Едва служивые замечали попытку криминального контакта с коллегой, они тут же, как хорошо тренированная футбольная команда, разбегались по заранее оговоренным позициям. С мастерством иллюзиониста «берущий» принимал у «дающего» денежные знаки, которые в ту же секунду растворялись в руках профессионала. Выражение государственного лица в тот же миг изменялось с чрезвычайно строгого — на благосклонное.
Нет, очевидно, при таком скоплении далеко не бедных людей кое — что и нужно было бы поискать! Но за это самое «кое-что» было уплачено заранее, и «нужные» чемоданы беспрепятственно переползали заветный рубеж.

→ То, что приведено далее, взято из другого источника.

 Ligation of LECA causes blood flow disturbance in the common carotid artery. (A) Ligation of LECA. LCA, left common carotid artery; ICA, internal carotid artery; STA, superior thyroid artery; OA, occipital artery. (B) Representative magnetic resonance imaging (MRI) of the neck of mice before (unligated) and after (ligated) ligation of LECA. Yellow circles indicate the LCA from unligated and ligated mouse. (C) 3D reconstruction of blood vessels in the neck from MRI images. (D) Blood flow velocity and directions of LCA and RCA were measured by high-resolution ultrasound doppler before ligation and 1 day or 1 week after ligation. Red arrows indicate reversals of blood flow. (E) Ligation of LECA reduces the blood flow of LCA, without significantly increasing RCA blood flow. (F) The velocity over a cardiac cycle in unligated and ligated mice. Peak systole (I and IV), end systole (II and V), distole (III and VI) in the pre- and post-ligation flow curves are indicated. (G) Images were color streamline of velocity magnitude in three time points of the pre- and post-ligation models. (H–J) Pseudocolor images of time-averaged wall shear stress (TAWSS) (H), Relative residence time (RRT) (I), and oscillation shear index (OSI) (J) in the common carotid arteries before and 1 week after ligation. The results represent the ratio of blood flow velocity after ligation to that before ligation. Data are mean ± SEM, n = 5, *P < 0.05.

С тех пор как начался массовый выезд из Америки, Фил провожал в этом аэропорту семьи многочисленных друзей и знал все тонкости решения таможенных проблем.
Но раньше он, Филимон Таргони, оставался по другую сторону порога. Сегодня же переступить эту черту предстояло ему самому.
В ожидании своей очереди, Фил несколько раз отходил к компьютеру-автомату и сбрасывал электронные сообщения в Нью-Йорк, но на другом конце никто не отвечал. Не отвечал на его «емели» никто из друзей и в Киеве, хотя много было оговорено планов его торжественной встречи на новой земле. Стремительный поворот судьбы стал полной неожиданностью и для провожающих, и для встречающих, и для него самого.
«А может оно и к лучшему», — подумал Филимон, но острый коготок обиды скребанул по горлу.
Его тележка с двумя скромными чемоданами явно выделялась из потока других, и таможенник даже переспросил:
— На «постоянное» или по бизнесу?
— Как Бог даст, — попытался мудро ответить Фил, но поперхнулся под ненавидящим взглядом стража кордона.
— Оружие, наркотики, антиквариат? — сухо продолжил офицер, пробегая одним глазом строчки предварительно заполненной декларации, а другим буравя Фила. — Драгметаллы, бриллианты.
Совершенно неожиданно он остановился и решительно указал Филимону на двери, ведущие к посадочному залу:
— Проходи!
Это было даже обидно.
— А можно спросить, чем я вызвал подобное доверие? — не сдержался Фил и замер в ожидании очередной неприятности по причине длинного своего языка. Цербер взглянул на него, как на назойливую муху, но, видимо, из чувства невероятного превосходства или просто куражась, позволил себе ответить:
— Ты посмотри на себя, артист! Ну, спрятал ты в носок сотню-другую «баксов», так я больше времени потрачу в твоем белье ковыряясь. А у меня в очереди люди с Брайтона! Проходи!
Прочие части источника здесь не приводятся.